[SUPPLIED MATERIAL]
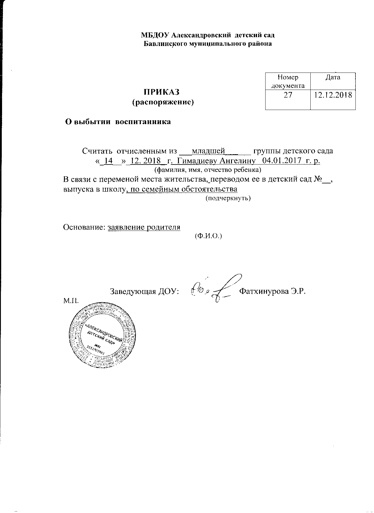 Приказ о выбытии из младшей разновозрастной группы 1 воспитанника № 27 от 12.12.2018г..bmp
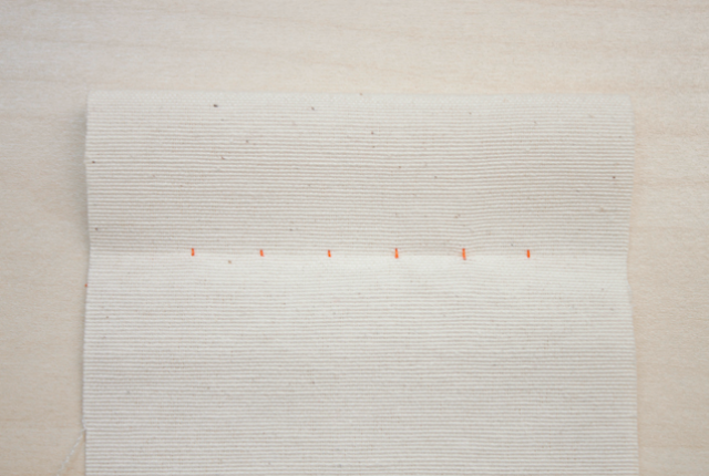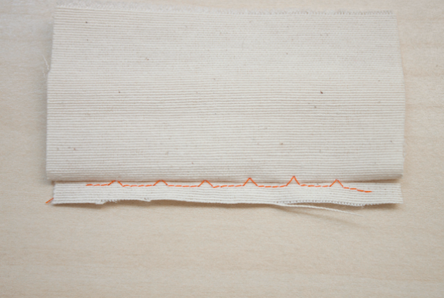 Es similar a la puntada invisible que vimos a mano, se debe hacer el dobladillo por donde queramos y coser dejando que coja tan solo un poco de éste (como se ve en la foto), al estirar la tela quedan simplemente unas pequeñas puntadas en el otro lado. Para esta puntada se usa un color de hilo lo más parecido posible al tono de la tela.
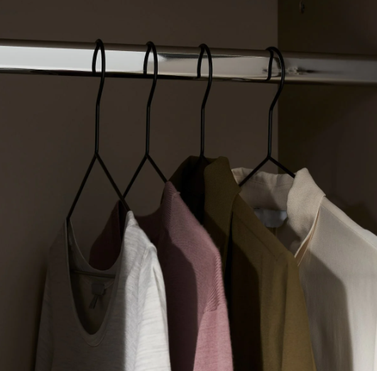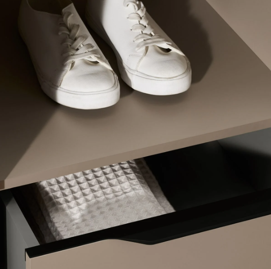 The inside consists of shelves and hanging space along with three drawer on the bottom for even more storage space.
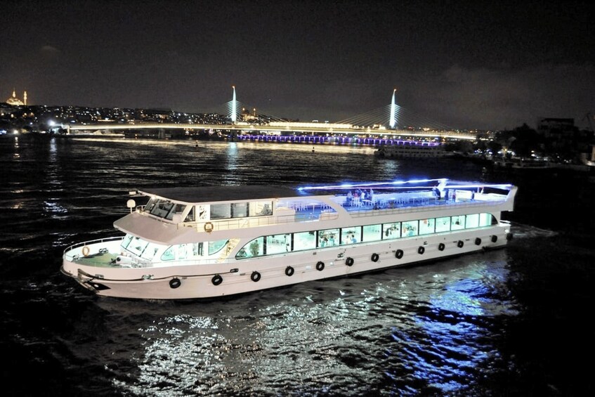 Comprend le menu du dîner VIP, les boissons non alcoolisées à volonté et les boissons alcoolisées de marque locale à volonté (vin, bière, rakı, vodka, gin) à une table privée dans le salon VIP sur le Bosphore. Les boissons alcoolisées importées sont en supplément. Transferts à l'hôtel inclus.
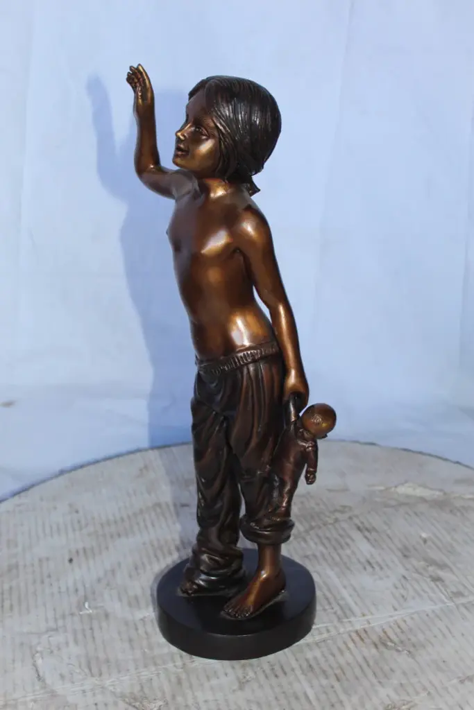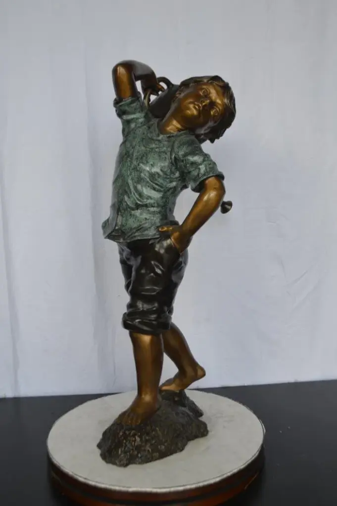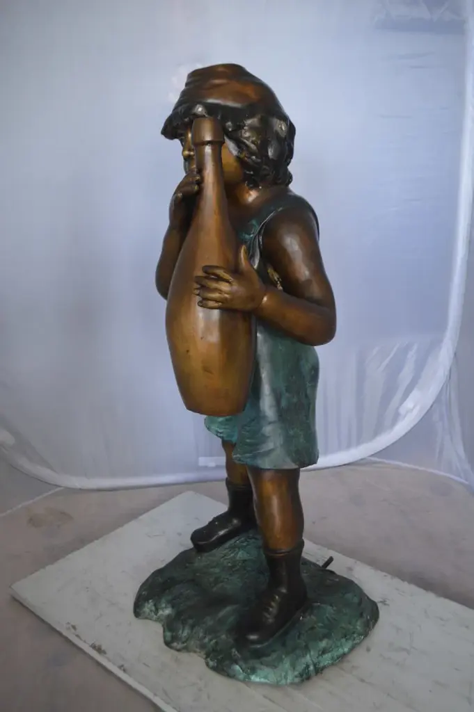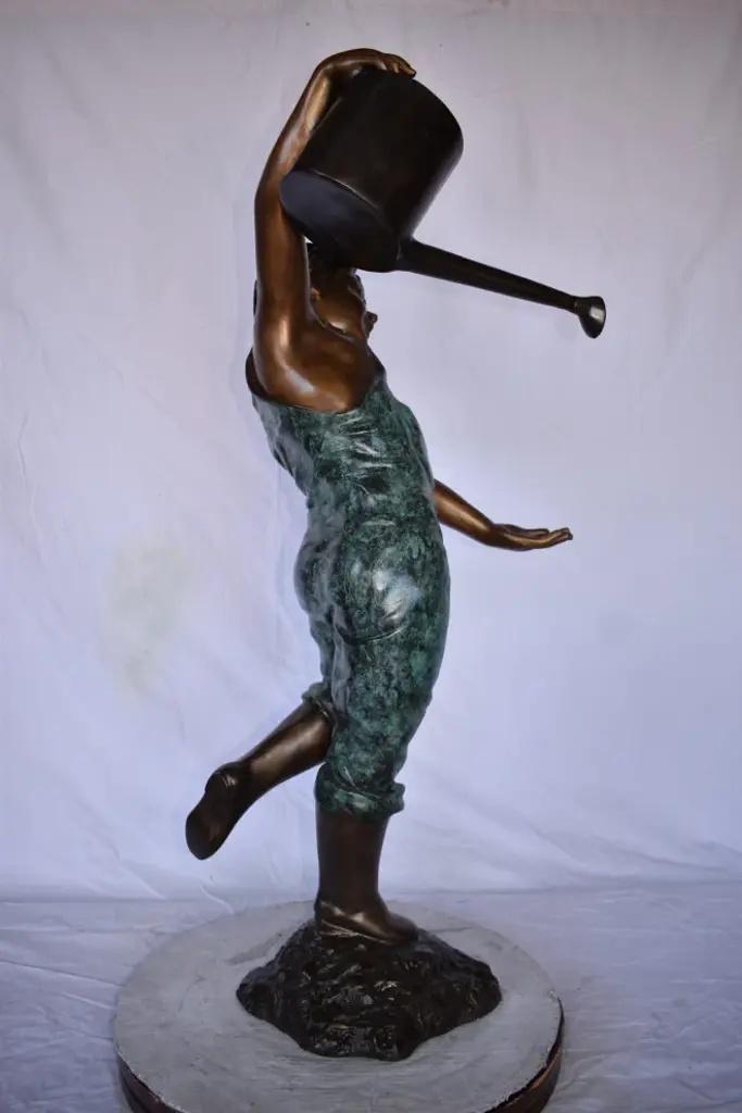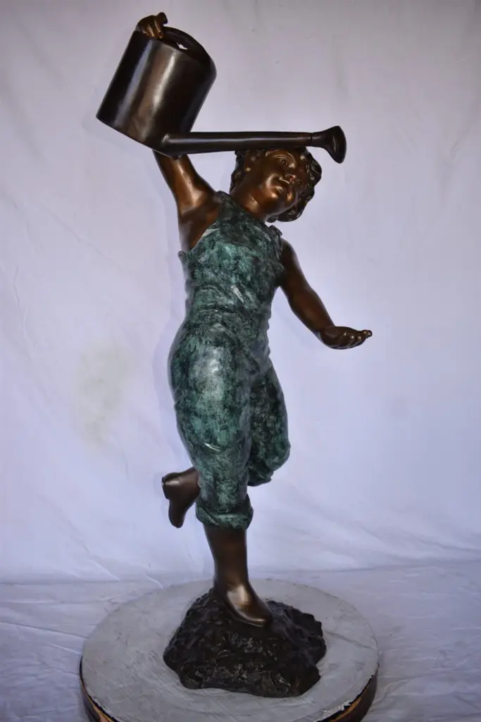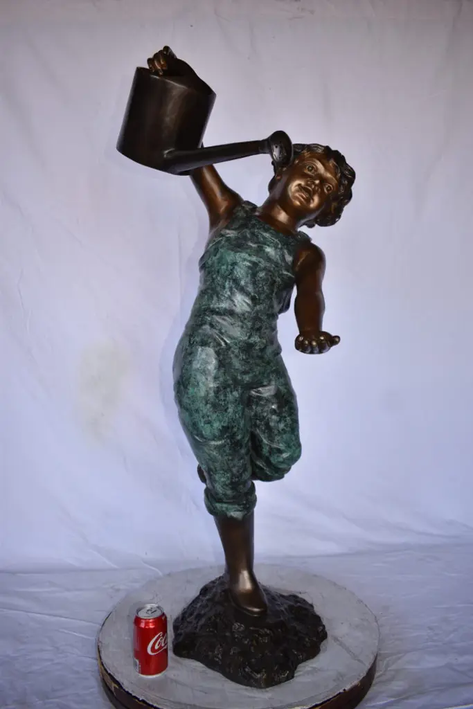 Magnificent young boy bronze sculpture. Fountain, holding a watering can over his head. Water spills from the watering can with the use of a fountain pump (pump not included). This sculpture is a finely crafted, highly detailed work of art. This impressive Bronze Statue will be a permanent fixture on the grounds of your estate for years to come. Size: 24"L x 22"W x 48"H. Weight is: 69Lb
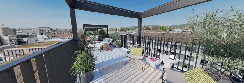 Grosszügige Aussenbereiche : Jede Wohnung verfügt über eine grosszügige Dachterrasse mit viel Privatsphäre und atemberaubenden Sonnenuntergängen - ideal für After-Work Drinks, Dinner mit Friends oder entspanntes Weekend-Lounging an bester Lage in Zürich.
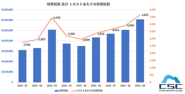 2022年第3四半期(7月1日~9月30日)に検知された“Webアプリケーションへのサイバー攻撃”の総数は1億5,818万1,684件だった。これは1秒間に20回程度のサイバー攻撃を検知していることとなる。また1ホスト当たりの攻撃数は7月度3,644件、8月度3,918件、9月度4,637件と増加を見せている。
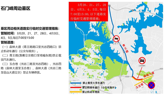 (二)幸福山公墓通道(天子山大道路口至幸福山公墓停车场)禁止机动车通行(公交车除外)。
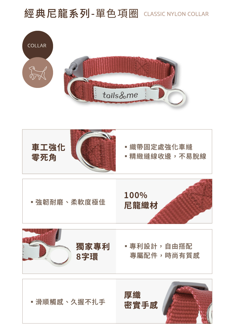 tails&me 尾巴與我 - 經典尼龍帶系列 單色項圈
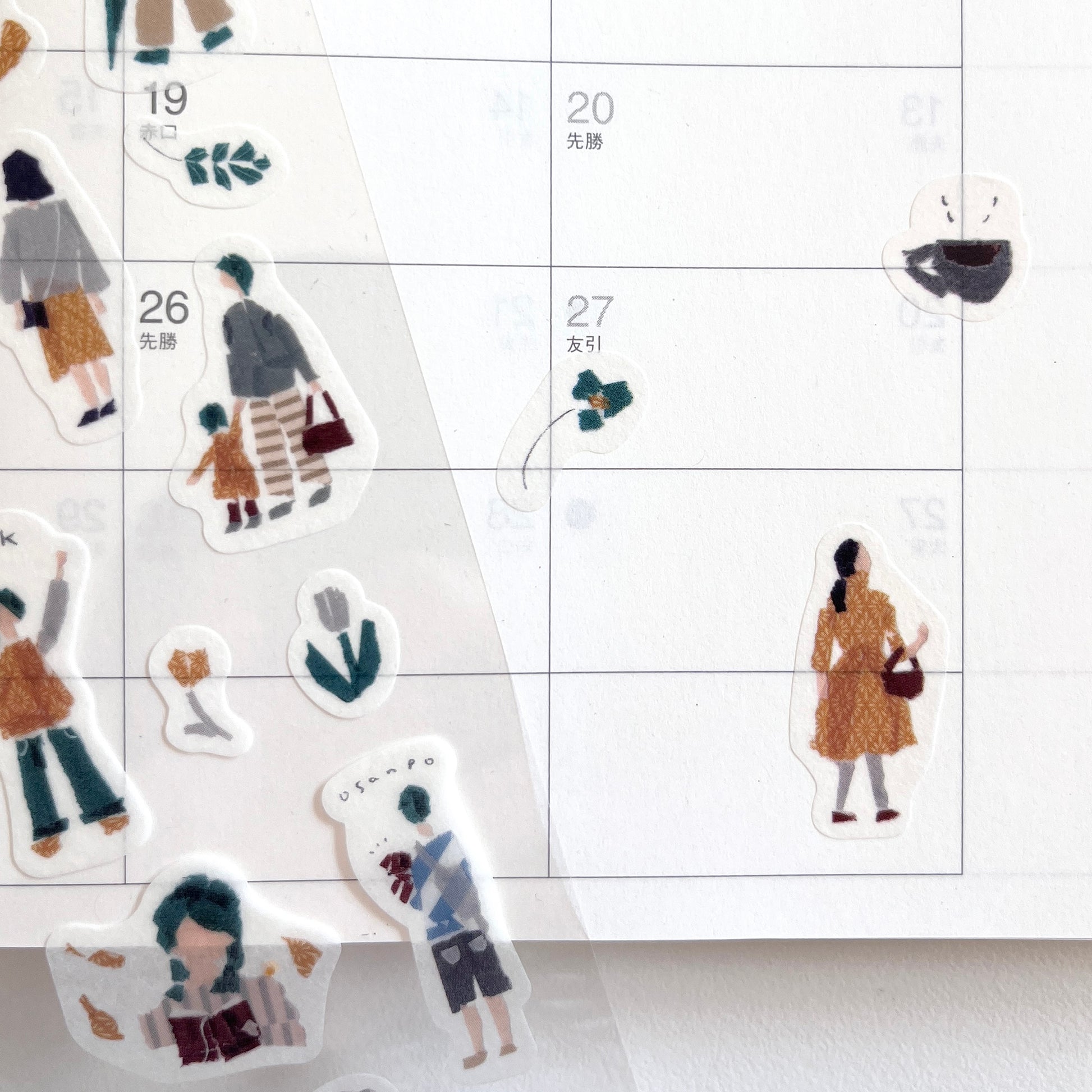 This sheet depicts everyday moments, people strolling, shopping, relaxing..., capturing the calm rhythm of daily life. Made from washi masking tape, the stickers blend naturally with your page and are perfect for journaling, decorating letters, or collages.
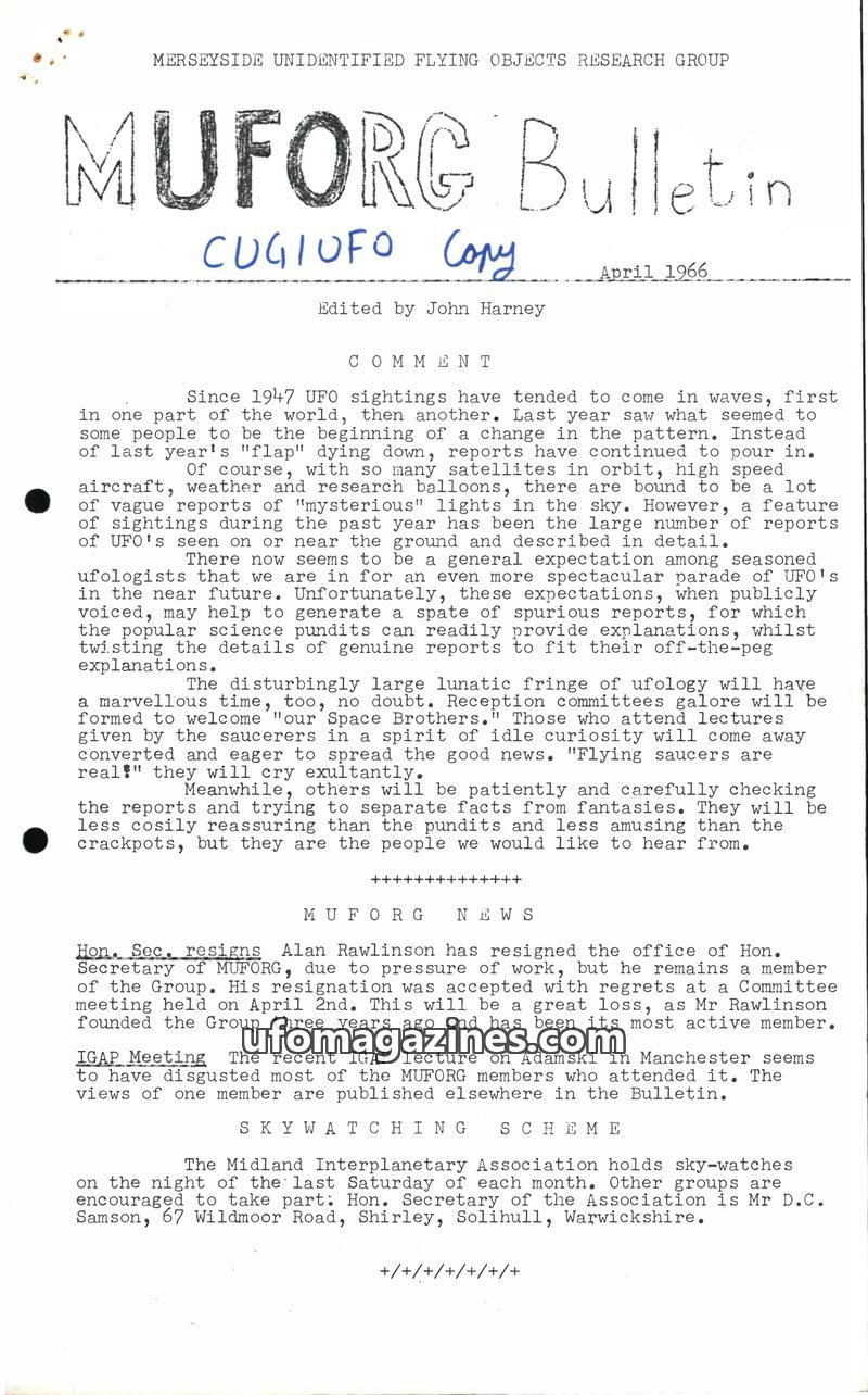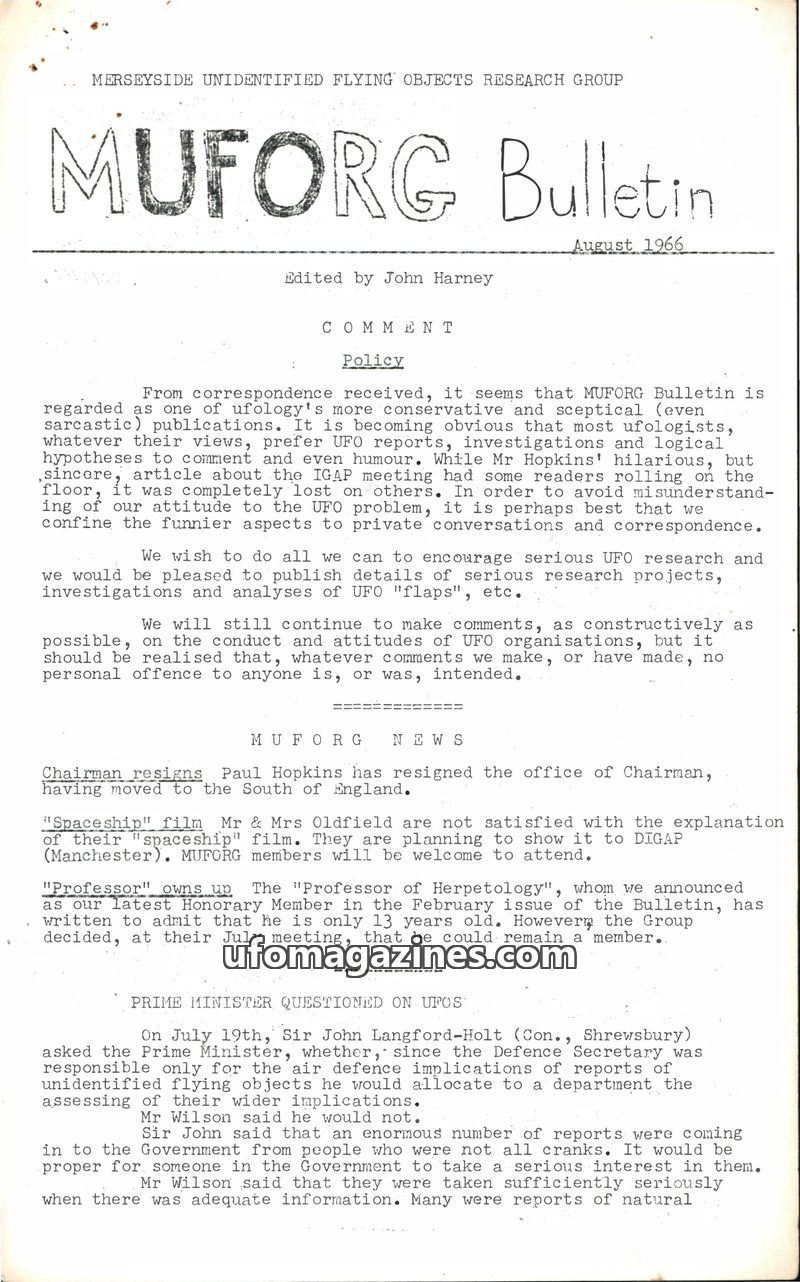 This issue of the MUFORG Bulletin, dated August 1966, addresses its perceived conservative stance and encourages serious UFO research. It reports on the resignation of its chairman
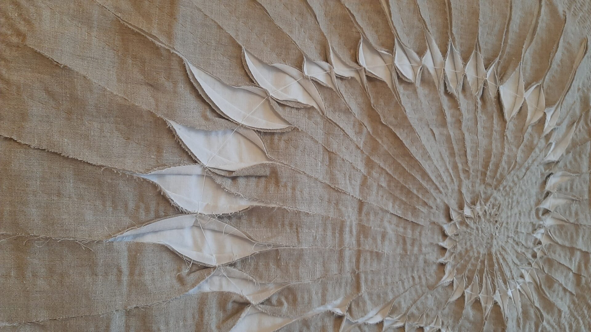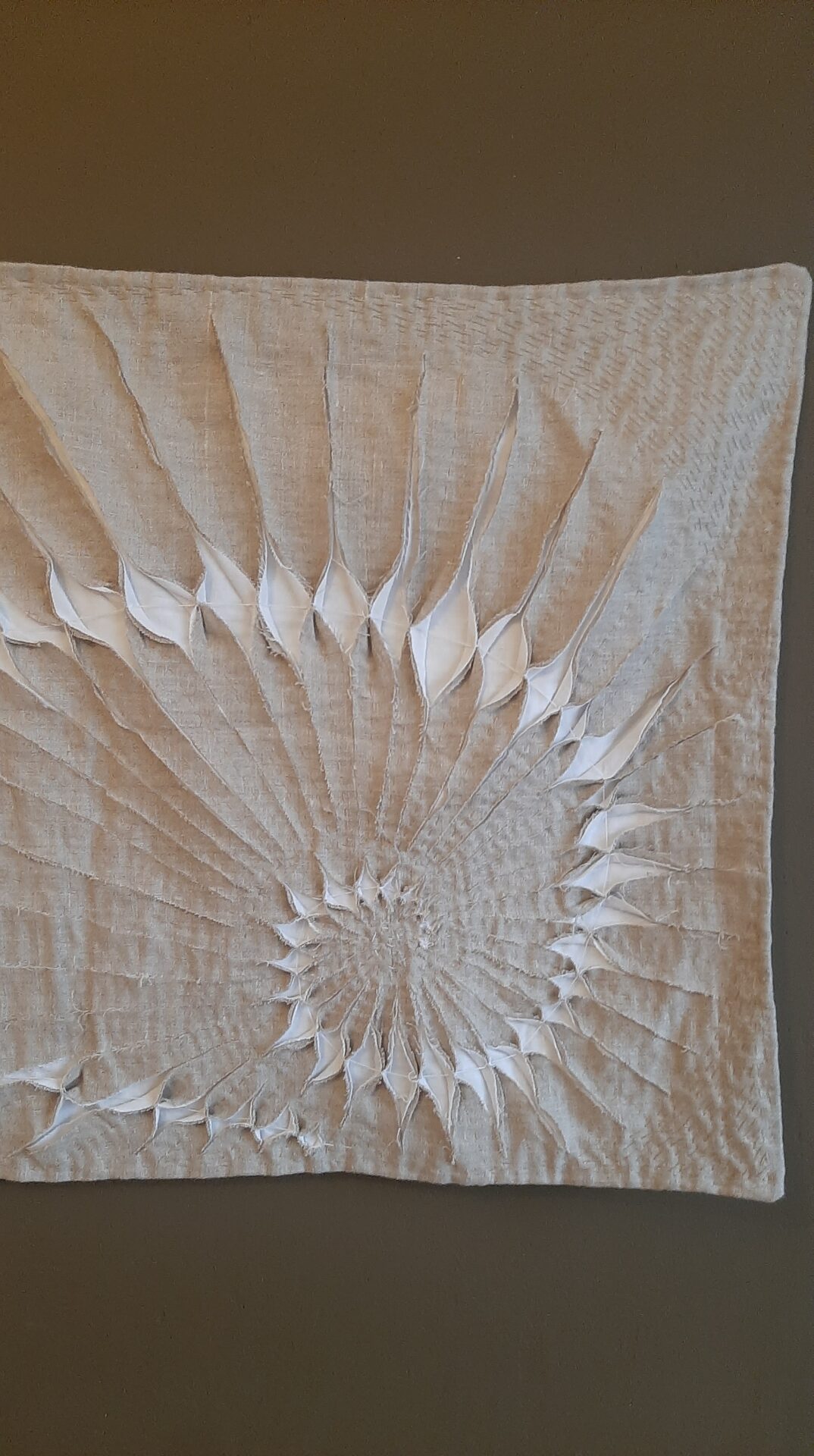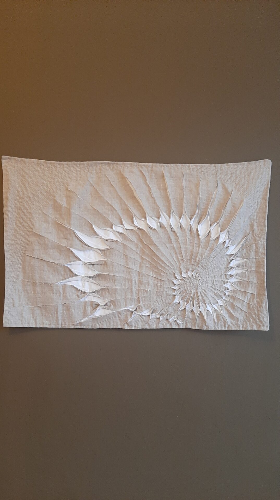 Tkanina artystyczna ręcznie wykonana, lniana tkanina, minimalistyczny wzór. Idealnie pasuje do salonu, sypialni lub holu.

[EXERCISE INSTRUCTIONS] Please set down the data above exactly as given, leaving every picture out.

[SOLUTION TO THIS PROBLEM]
 Приказ о выбытии из младшей разновозрастной группы 1 воспитанника № 27 от 12.12.2018г..bmp
 Es similar a la puntada invisible que vimos a mano, se debe hacer el dobladillo por donde queramos y coser dejando que coja tan solo un poco de éste (como se ve en la foto), al estirar la tela quedan simplemente unas pequeñas puntadas en el otro lado. Para esta puntada se usa un color de hilo lo más parecido posible al tono de la tela.
 The inside consists of shelves and hanging space along with three drawer on the bottom for even more storage space.
 Comprend le menu du dîner VIP, les boissons non alcoolisées à volonté et les boissons alcoolisées de marque locale à volonté (vin, bière, rakı, vodka, gin) à une table privée dans le salon VIP sur le Bosphore. Les boissons alcoolisées importées sont en supplément. Transferts à l'hôtel inclus.
 Magnificent young boy bronze sculpture. Fountain, holding a watering can over his head. Water spills from the watering can with the use of a fountain pump (pump not included). This sculpture is a finely crafted, highly detailed work of art. This impressive Bronze Statue will be a permanent fixture on the grounds of your estate for years to come. Size: 24"L x 22"W x 48"H. Weight is: 69Lb
 Grosszügige Aussenbereiche : Jede Wohnung verfügt über eine grosszügige Dachterrasse mit viel Privatsphäre und atemberaubenden Sonnenuntergängen - ideal für After-Work Drinks, Dinner mit Friends oder entspanntes Weekend-Lounging an bester Lage in Zürich.
 2022年第3四半期(7月1日~9月30日)に検知された“Webアプリケーションへのサイバー攻撃”の総数は1億5,818万1,684件だった。これは1秒間に20回程度のサイバー攻撃を検知していることとなる。また1ホスト当たりの攻撃数は7月度3,644件、8月度3,918件、9月度4,637件と増加を見せている。
 (二)幸福山公墓通道(天子山大道路口至幸福山公墓停车场)禁止机动车通行(公交车除外)。
 tails&me 尾巴與我 - 經典尼龍帶系列 單色項圈
 This sheet depicts everyday moments, people strolling, shopping, relaxing..., capturing the calm rhythm of daily life. Made from washi masking tape, the stickers blend naturally with your page and are perfect for journaling, decorating letters, or collages.
 This issue of the MUFORG Bulletin, dated August 1966, addresses its perceived conservative stance and encourages serious UFO research. It reports on the resignation of its chairman
 Tkanina artystyczna ręcznie wykonana, lniana tkanina, minimalistyczny wzór. Idealnie pasuje do salonu, sypialni lub holu.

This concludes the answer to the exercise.